• **Provided material**
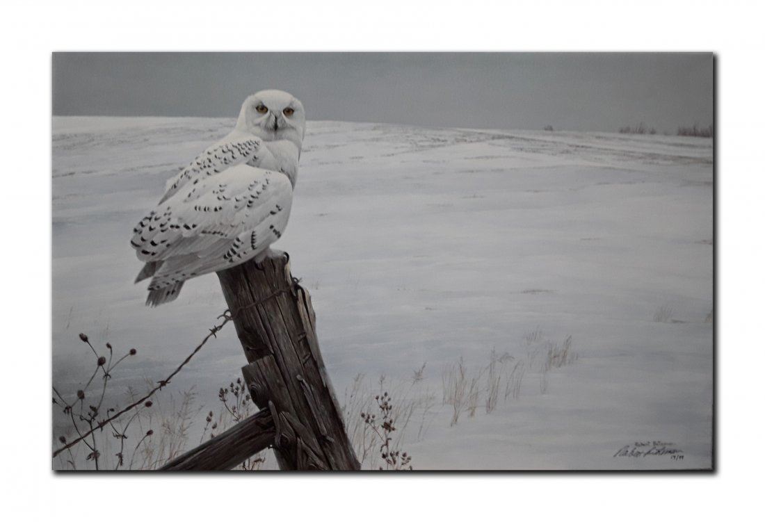 The owl I have shown is perched on an old cedar post. I enjoy the way the elements work on the installations of our pioneer forefathers. On some long forgotten day, the farmer placed that post and subsequently put in the nails and staples. The reason is no longer evident, but for the owl it doesn't matter. The post is a perfect place from which to begin his hunt." - Robert Bateman. 19" x 28.5"
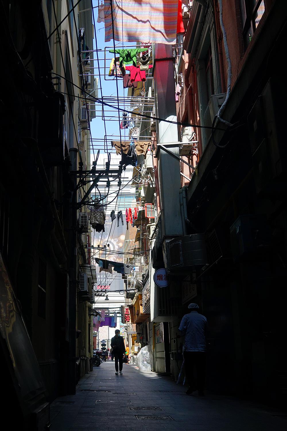 摄于上海黄浦区老城里弄住居。老街里弄住房间距狭窄,居民非常珍惜冬日阳光,喜欢洗洗晒晒。
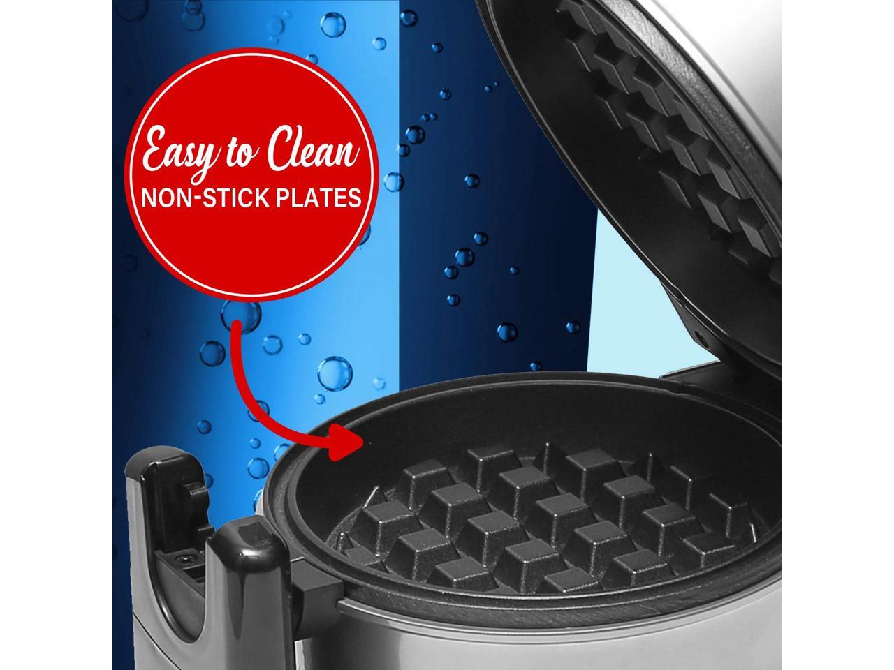 Belgian waffles slide right out of the non-stick plates making cleanup a snap
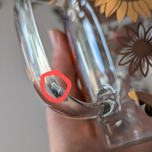 Discounted slightly damaged Golden Sunflower 17oz glass mug with bamboo lid & reusable plastic straw
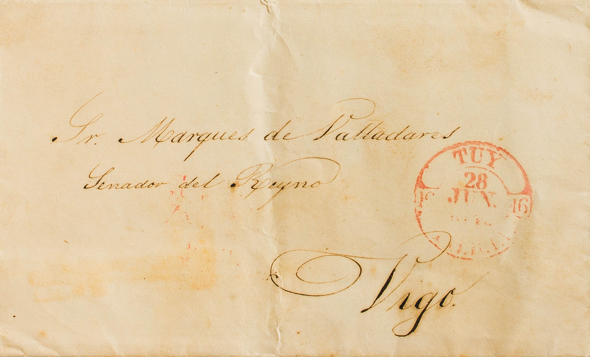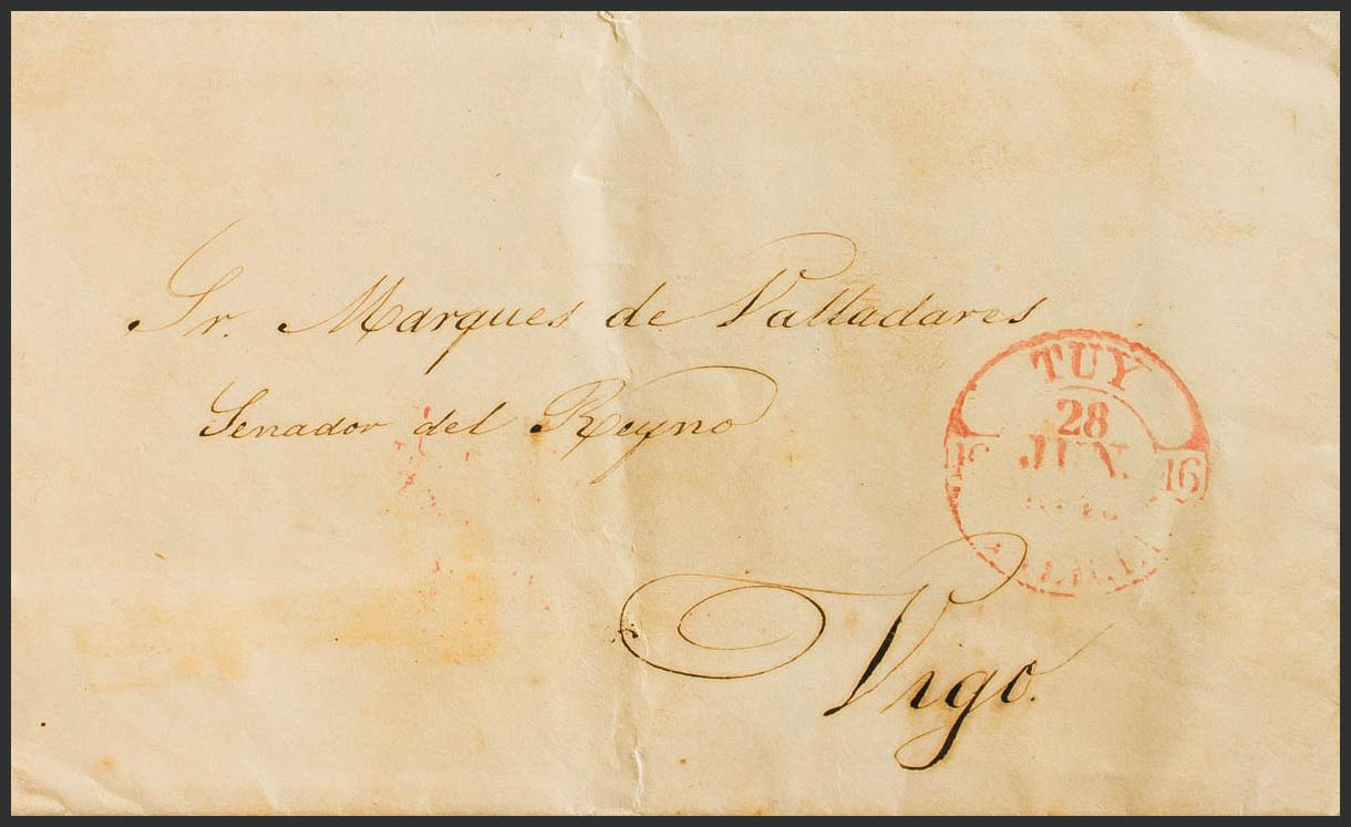 1849. TUY a VIGO. Baeza TUY / GALICIA, en rojo. MAGNIFICA.
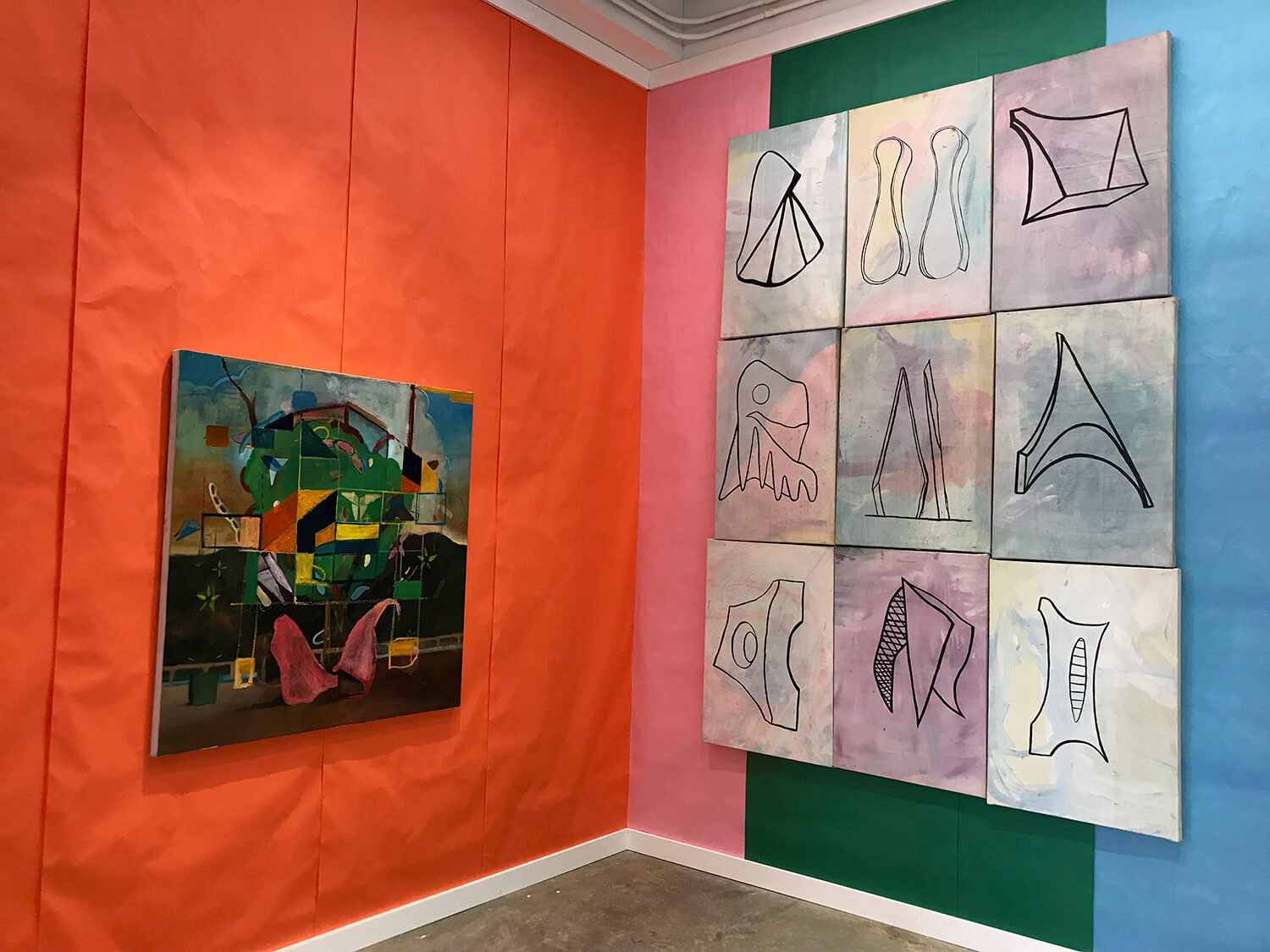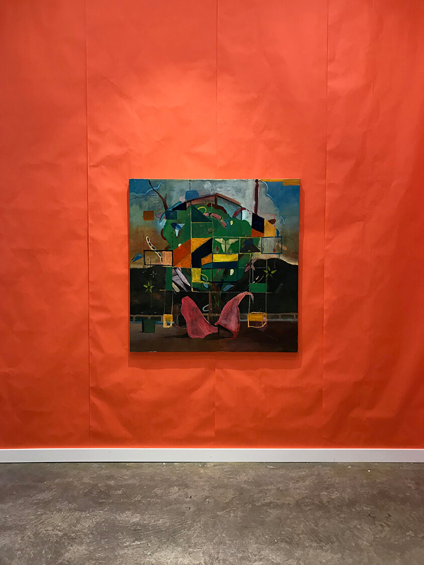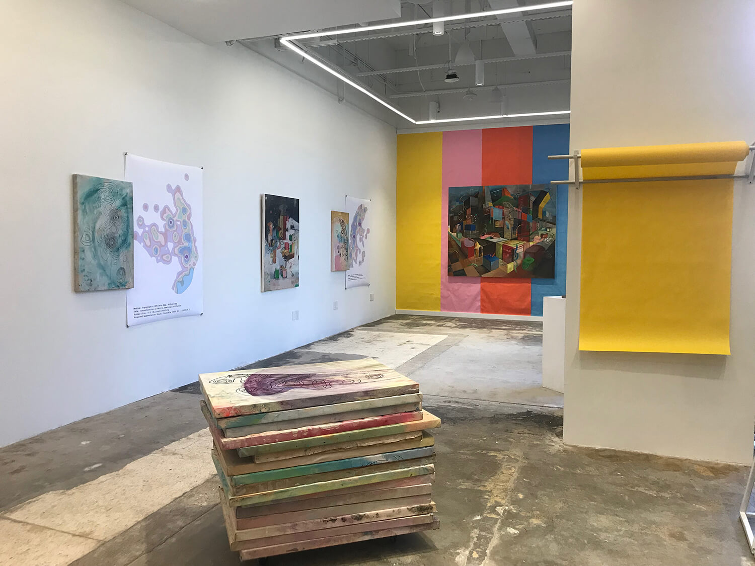 Villanueva is co-founder of Ash Studios, a community arts center near Fair Park where artists and local residents collaborate, experiment and explore cultural and political ideas. The show at the Pollock mirrors the collective nature of Ash Studios and the work that Cruz and Villanueva undertake there. The show features four paintings by Cruz and 11 by Villanueva, along with two Villanueva sculptures that are prototypes for public art projects. Two of Villanueva’s paintings are accompanied by digital topographic prints on paper that represent Indigenous archeological sites. The works embody the artists’ interest in the city as a space for collective learning and creation, particularly the making of art that is scalable and architecturally relevant, including murals and public art projects. Their works at the Pollock reflect on geography, three-dimensionality and accessibility.
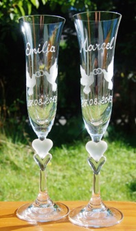 Die Glasschleiferei Weber fertigt seit über 50 Jahren noch nach altem Kunsthandwerk individuelle Glasgravuren zu allen Anlässen und Feierlichkeiten an. Besonders beliebt sind Hochzeitsgläser für das Brautpaar mit eingravierten Namen und Hochzeitsdatum. Nicht nur bei der Hochzeit lässt sich hiermit anstoßen, auch an jedem Hochzeitstag ist dieses eine schöne Erinnerung an den großen Tag.
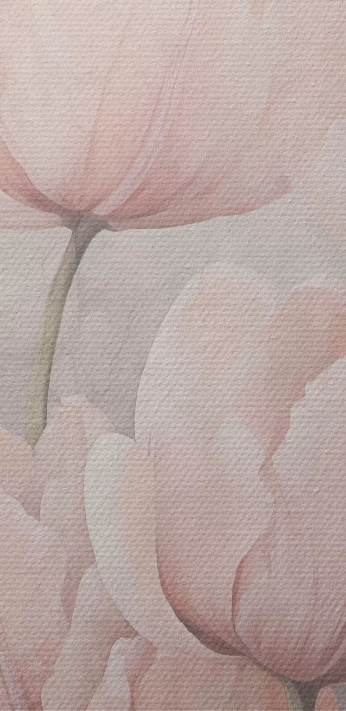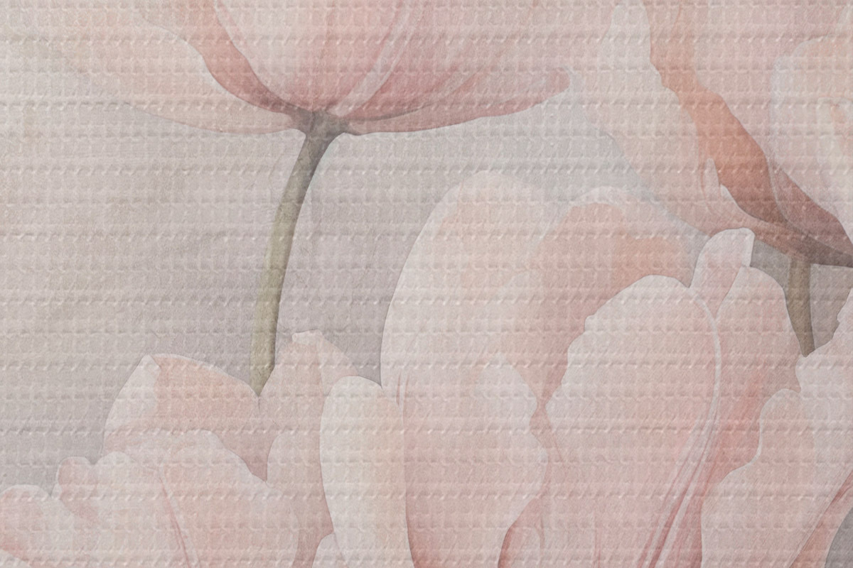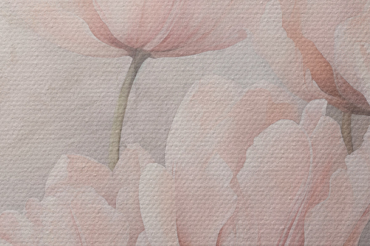 Afbeelding Vintage roze tulpen met lange stelen, zachte gedempte kleuren, lichtgrijze achtergrond Nr r44407
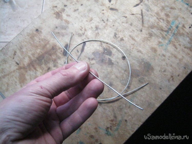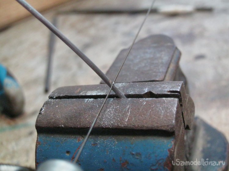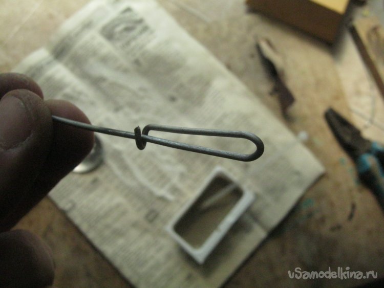 Фото 9. Заготовка – припасенная для этих целей пружинящая стальная проволочина подходящей толщины от каркаса детской матерчатой коробки для игрушек.
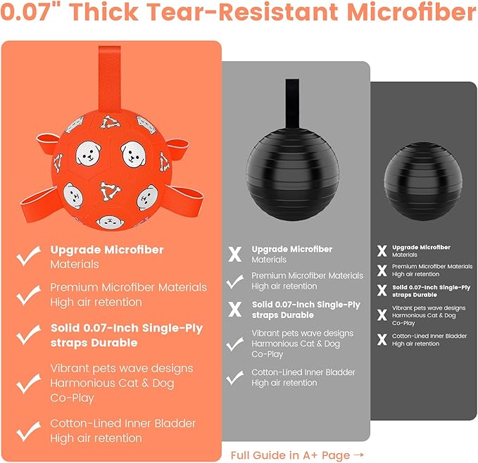 - 💪Durable, Safe & Ready for Rough Play: Made with thick 0.07" premium Microfiber and reinforced stitching, this ball is built to handle daily fetch, tug, and chase games. CPC-certified and safe for pets. It’s not a chew toy—but it’s tough enough to take a beating. 𝐌𝐚𝐱 𝐀𝐢𝐫 = 𝐌𝐚𝐱 𝐃𝐮𝐫𝐚𝐛𝐢𝐥𝐢𝐭𝐲. 𝐊𝐞𝐞𝐩 𝐟𝐮𝐥𝐥𝐲 𝐢𝐧𝐟𝐥𝐚𝐭𝐞𝐝!
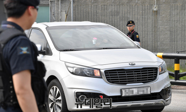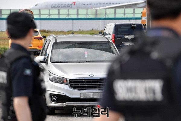 최순실 씨 딸 정유라 씨가 탑승한 차량이 31일 오후 인천국제공항에서 서울중앙지검으로 향하고 있다. 이후 정씨는 서울 중앙지검으로 압송돼 조사받을 계획이다.
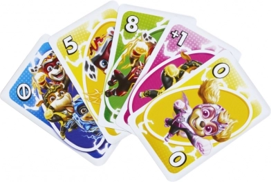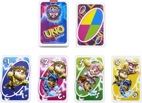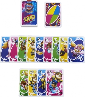 Îndrăgitul joc de familie UNO sosește în variantă pentru copii, cu tematică din filmul Patrula Cățelușilor. Cărțile colorate, cu numere mari și personaje, facilitează recunoașterea și susțin învățarea culorilor, numerelor și principiilor de joc de bază.
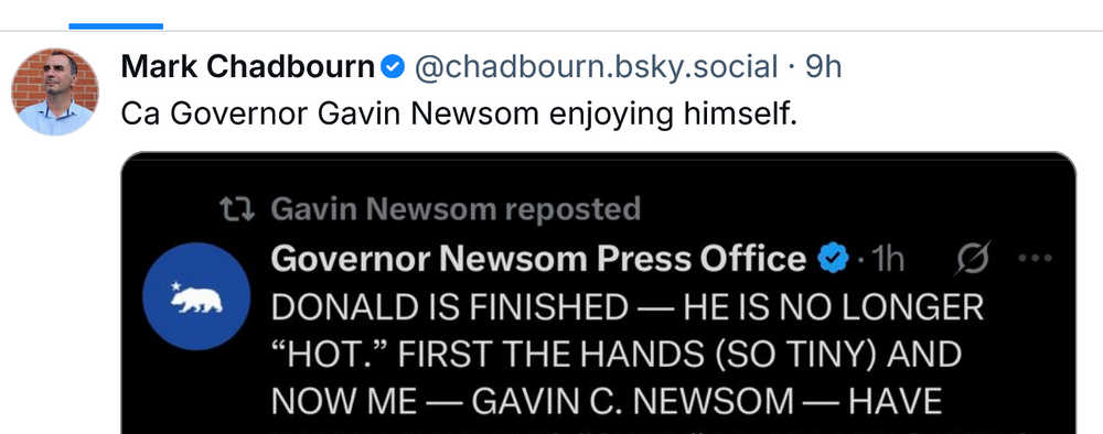 18. Moving to the center no longer makes sense in a general election. If it ever did. Credit for his recent social media game, but fuck Gavin.
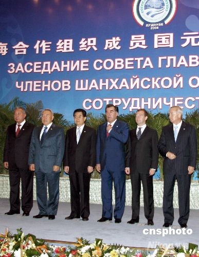 上海合作组织峰会二十八日在塔吉克斯坦首都杜尚别举行,中国国家主席胡锦涛、哈萨克斯坦总统纳扎尔巴耶夫、吉尔吉斯斯坦总统巴基耶夫、俄罗斯总统梅德韦杰夫、塔吉克斯坦总统拉赫蒙、乌兹别克斯坦总统卡里莫夫出席会议。图为六国元首集体合影。中新社发 齐彬 摄
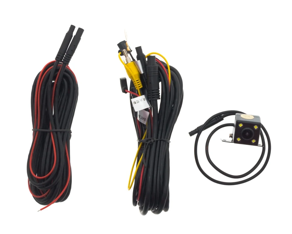 Комплект поставки: Видеорегистратор / Камера заднего вида / Кронштейн на двустороннем скотче / Кабели подключения к сети АСС / Инструкция
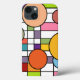 Det här telefonfodralet har en modern utformning av ett rutnät i mitten av århundradet, med vissa rektanglar i färgaden och cirklar överst i färg.

• **Your instructions**
What is wanted is a word-for-word restatement of the entries, without their images.

• **Written response**
 The owl I have shown is perched on an old cedar post. I enjoy the way the elements work on the installations of our pioneer forefathers. On some long forgotten day, the farmer placed that post and subsequently put in the nails and staples. The reason is no longer evident, but for the owl it doesn't matter. The post is a perfect place from which to begin his hunt." - Robert Bateman. 19" x 28.5"
 摄于上海黄浦区老城里弄住居。老街里弄住房间距狭窄,居民非常珍惜冬日阳光,喜欢洗洗晒晒。
 Belgian waffles slide right out of the non-stick plates making cleanup a snap
 Discounted slightly damaged Golden Sunflower 17oz glass mug with bamboo lid & reusable plastic straw
 1849. TUY a VIGO. Baeza TUY / GALICIA, en rojo. MAGNIFICA.
 Villanueva is co-founder of Ash Studios, a community arts center near Fair Park where artists and local residents collaborate, experiment and explore cultural and political ideas. The show at the Pollock mirrors the collective nature of Ash Studios and the work that Cruz and Villanueva undertake there. The show features four paintings by Cruz and 11 by Villanueva, along with two Villanueva sculptures that are prototypes for public art projects. Two of Villanueva’s paintings are accompanied by digital topographic prints on paper that represent Indigenous archeological sites. The works embody the artists’ interest in the city as a space for collective learning and creation, particularly the making of art that is scalable and architecturally relevant, including murals and public art projects. Their works at the Pollock reflect on geography, three-dimensionality and accessibility.
 Die Glasschleiferei Weber fertigt seit über 50 Jahren noch nach altem Kunsthandwerk individuelle Glasgravuren zu allen Anlässen und Feierlichkeiten an. Besonders beliebt sind Hochzeitsgläser für das Brautpaar mit eingravierten Namen und Hochzeitsdatum. Nicht nur bei der Hochzeit lässt sich hiermit anstoßen, auch an jedem Hochzeitstag ist dieses eine schöne Erinnerung an den großen Tag.
 Afbeelding Vintage roze tulpen met lange stelen, zachte gedempte kleuren, lichtgrijze achtergrond Nr r44407
 Фото 9. Заготовка – припасенная для этих целей пружинящая стальная проволочина подходящей толщины от каркаса детской матерчатой коробки для игрушек.
 - 💪Durable, Safe & Ready for Rough Play: Made with thick 0.07" premium Microfiber and reinforced stitching, this ball is built to handle daily fetch, tug, and chase games. CPC-certified and safe for pets. It’s not a chew toy—but it’s tough enough to take a beating. 𝐌𝐚𝐱 𝐀𝐢𝐫 = 𝐌𝐚𝐱 𝐃𝐮𝐫𝐚𝐛𝐢𝐥𝐢𝐭𝐲. 𝐊𝐞𝐞𝐩 𝐟𝐮𝐥𝐥𝐲 𝐢𝐧𝐟𝐥𝐚𝐭𝐞𝐝!
 최순실 씨 딸 정유라 씨가 탑승한 차량이 31일 오후 인천국제공항에서 서울중앙지검으로 향하고 있다. 이후 정씨는 서울 중앙지검으로 압송돼 조사받을 계획이다.
 Îndrăgitul joc de familie UNO sosește în variantă pentru copii, cu tematică din filmul Patrula Cățelușilor. Cărțile colorate, cu numere mari și personaje, facilitează recunoașterea și susțin învățarea culorilor, numerelor și principiilor de joc de bază.
 18. Moving to the center no longer makes sense in a general election. If it ever did. Credit for his recent social media game, but fuck Gavin.
 上海合作组织峰会二十八日在塔吉克斯坦首都杜尚别举行,中国国家主席胡锦涛、哈萨克斯坦总统纳扎尔巴耶夫、吉尔吉斯斯坦总统巴基耶夫、俄罗斯总统梅德韦杰夫、塔吉克斯坦总统拉赫蒙、乌兹别克斯坦总统卡里莫夫出席会议。图为六国元首集体合影。中新社发 齐彬 摄
 Комплект поставки: Видеорегистратор / Камера заднего вида / Кронштейн на двустороннем скотче / Кабели подключения к сети АСС / Инструкция
 Det här telefonfodralet har en modern utformning av ett rutnät i mitten av århundradet, med vissa rektanglar i färgaden och cirklar överst i färg.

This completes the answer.